Dict size: 19 and 22
Training with AdaGrad
Batch size: 2 eta 0.05
Iteration 0
Error 524.989
Iteration 1
Error 483.947
Iteration 2
Error 434.471
Iteration 3
Error 367.271
Iteration 4
Error 281.668
Iteration 5
Error 179.812
Iteration 6
Error 86.0947
Iteration 7
Error 27.2102
Iteration 8
Error 5.8242
Until there is more documentation, please refer to the code and the "--help" commands for more information on usage.
If you use this software package in your experiments and publish related work, please cite one of the following papers as appropriately:
For most work, the following paper should be cited, in which this code was introduced, as well ash the recursive document-level model.
@InProceedings{Hermann:2014:ACLphil,
author = {Hermann, Karl Moritz and Blunsom, Phil},
title = {{Multilingual Models for Compositional Distributional Semantics}},
booktitle = {Proceedings of ACL},
year = {2014},
month = jun,
url = {http://arxiv.org/abs/1404.4641},
}
For the basic noise-contrastive/large margin objective function over parallel data:
@InProceedings{Hermann:2014:ICLR,
author = {Hermann, Karl Moritz and Blunsom, Phil},
title = {{Multilingual Distributed Representations without Word Alignment}},
booktitle = {Proceedings of ICLR},
year = {2014},
month = apr,
url = {http://arxiv.org/abs/1312.6173},
}
For anything related to syntax-based composition models:
@InProceedings{Hermann:2013:ACL,
author = {Hermann, Karl Moritz and Blunsom, Phil},
title = {{The Role of Syntax in Vector Space Models of Compositional Semantics}},
booktitle = {Proceedings of ACL},
year = {2013},
month = aug,
url = {http://www.karlmoritz.com/_media/hermannblunsom_acl2013.pdf}
}
This is development code and may not be fully functional. That said, the doctrain and dbltrain programmes should work as expected and you should be able to reproduce all the results from the papers mentioned above.
There are a number of auxiliary programmes to extract vectors and for file conversion, as well as a number of programmes that use the underlying model for different tasks such as question answering.

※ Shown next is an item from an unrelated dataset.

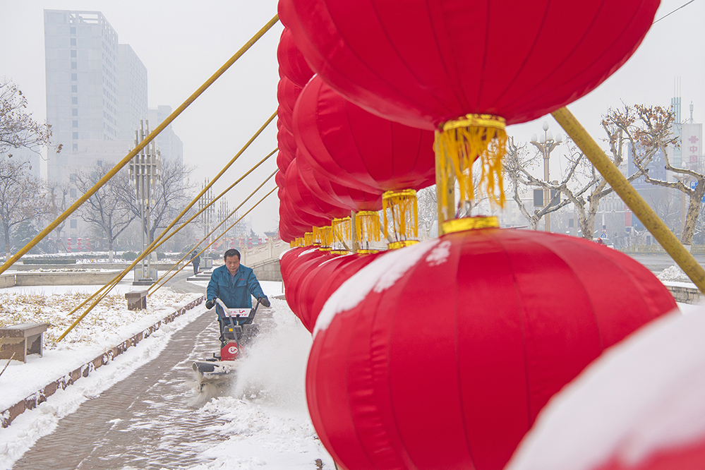 雪后,广场工作人员立即开展积雪覆冰清除工作,方便游玩人员行走通行。拍摄于济南市济阳区。

In particular the QA related code is still under development and included here primarily in order to demonstrate how the model can easily be extended with different training algorithms and modalities.
Dictionary/Model initialisation could be cleaned up!
There is some technical debt from the memory optimisation on the corpus side. Principally this concerns the push_back overload for the corpus function - this needs to be completed given more complex models.
Most models from the 2013 ACL paper have not yet been ported to the new architecture (CCAE-A..D etc.). This should be done at some point. For now, please refer to the "oxcsvm" repository, which features some of these models.